ACTION ITEM — Below are the records; copy exactly the stretch from the line containing "54. Wystawa malarstwa, grafiki, tkaniny" through the line containing "Easy cutting but", both ends included, and nothing else.

DATA TO USE —
+++++
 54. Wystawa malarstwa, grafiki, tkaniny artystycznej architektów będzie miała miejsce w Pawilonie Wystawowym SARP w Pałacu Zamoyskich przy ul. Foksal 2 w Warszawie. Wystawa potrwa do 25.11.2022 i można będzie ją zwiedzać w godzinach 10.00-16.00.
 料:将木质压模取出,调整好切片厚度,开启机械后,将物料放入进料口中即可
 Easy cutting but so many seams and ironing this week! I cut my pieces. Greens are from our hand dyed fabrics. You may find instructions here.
+++++
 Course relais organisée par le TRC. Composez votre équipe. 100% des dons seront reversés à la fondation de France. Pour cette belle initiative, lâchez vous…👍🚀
+++++
THE ANSWER —
 54. Wystawa malarstwa, grafiki, tkaniny artystycznej architektów będzie miała miejsce w Pawilonie Wystawowym SARP w Pałacu Zamoyskich przy ul. Foksal 2 w Warszawie. Wystawa potrwa do 25.11.2022 i można będzie ją zwiedzać w godzinach 10.00-16.00.
 料:将木质压模取出,调整好切片厚度,开启机械后,将物料放入进料口中即可
 Easy cutting but so many seams and ironing this week! I cut my pieces. Greens are from our hand dyed fabrics. You may find instructions here.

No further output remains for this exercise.